— EXERCISE PROMPT —
Please restate each line of the material word for word and omit any pictures.

— GIVEN DATA —
○ ○ ○

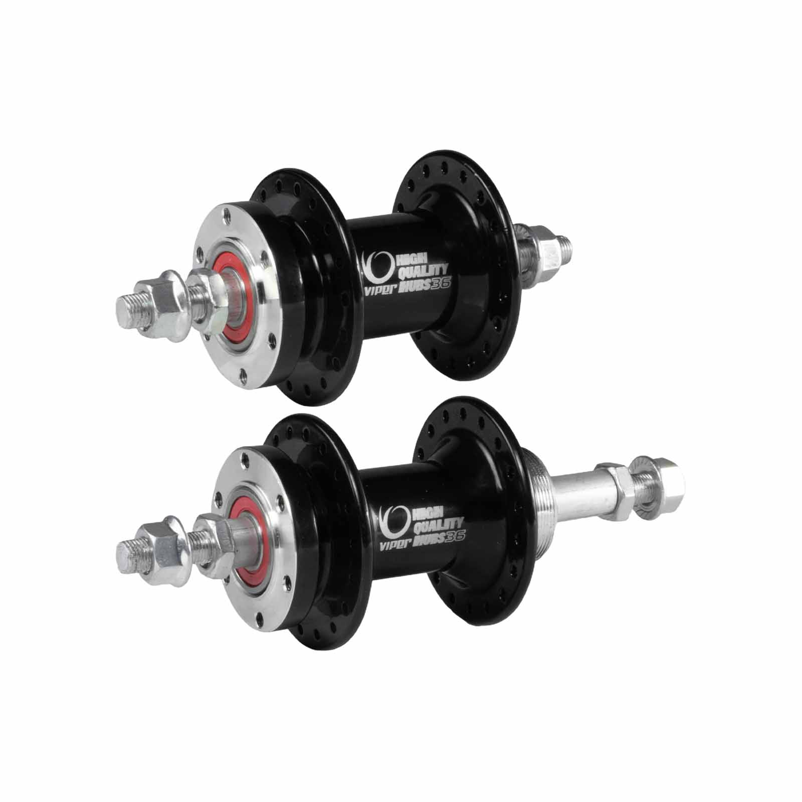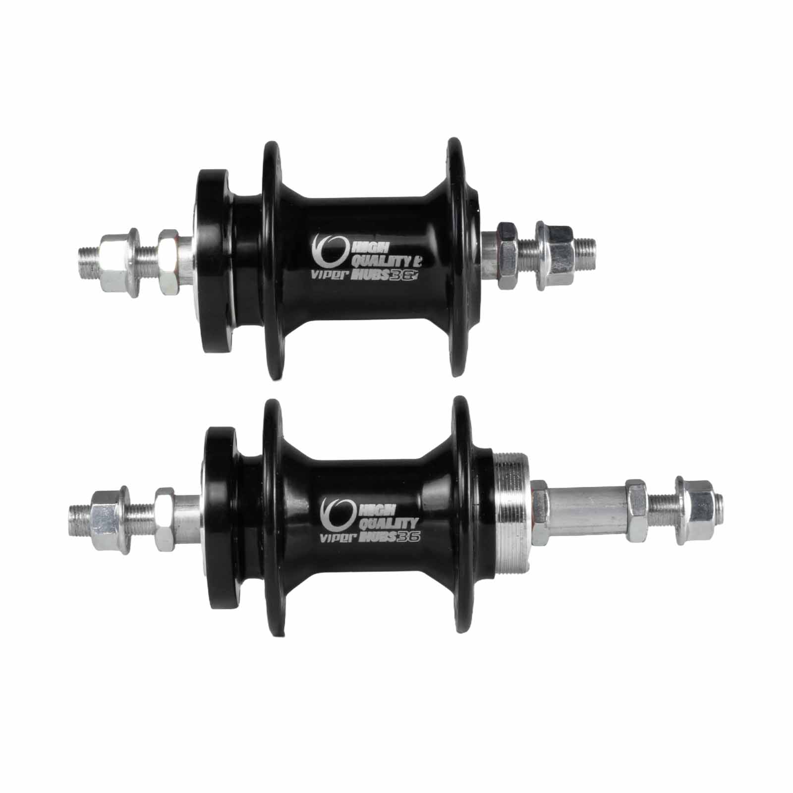 O conjunto de Cubos Viper X700 36F Dianteiro e Traseiro sem Blocagem é produzido em alumínio resistente, oferecendo robustez e longa vida útil. Seu sistema de fixação por eixo com porca garante montagem firme e estável, proporcionando maior segurança ao conjunto da roda.
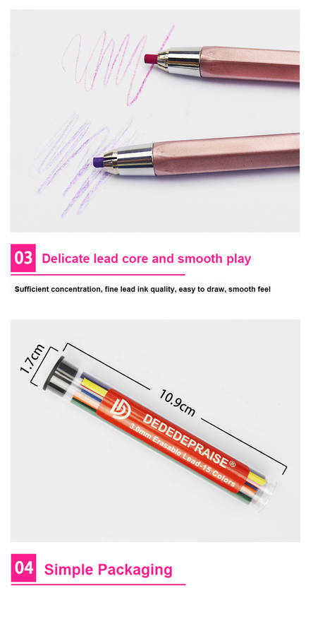 4.?The 3.0 mm lead core has low residual lead rate, fine color, smooth graphite painting concentration, and fine lead core ink quality.
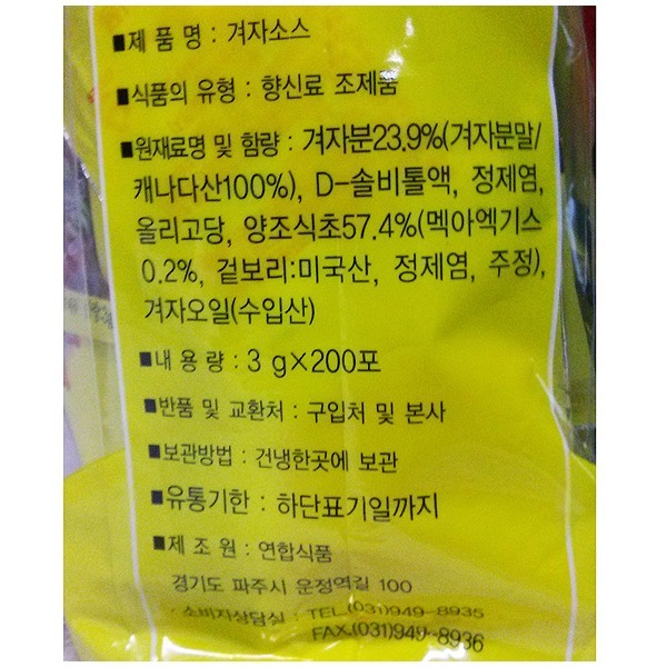 연합 겨자소스(3g*200개입 일회용 600g/EA)

○ ○ ○

— WRITTEN REPLY —
 O conjunto de Cubos Viper X700 36F Dianteiro e Traseiro sem Blocagem é produzido em alumínio resistente, oferecendo robustez e longa vida útil. Seu sistema de fixação por eixo com porca garante montagem firme e estável, proporcionando maior segurança ao conjunto da roda.
 4.?The 3.0 mm lead core has low residual lead rate, fine color, smooth graphite painting concentration, and fine lead core ink quality.
 연합 겨자소스(3g*200개입 일회용 600g/EA)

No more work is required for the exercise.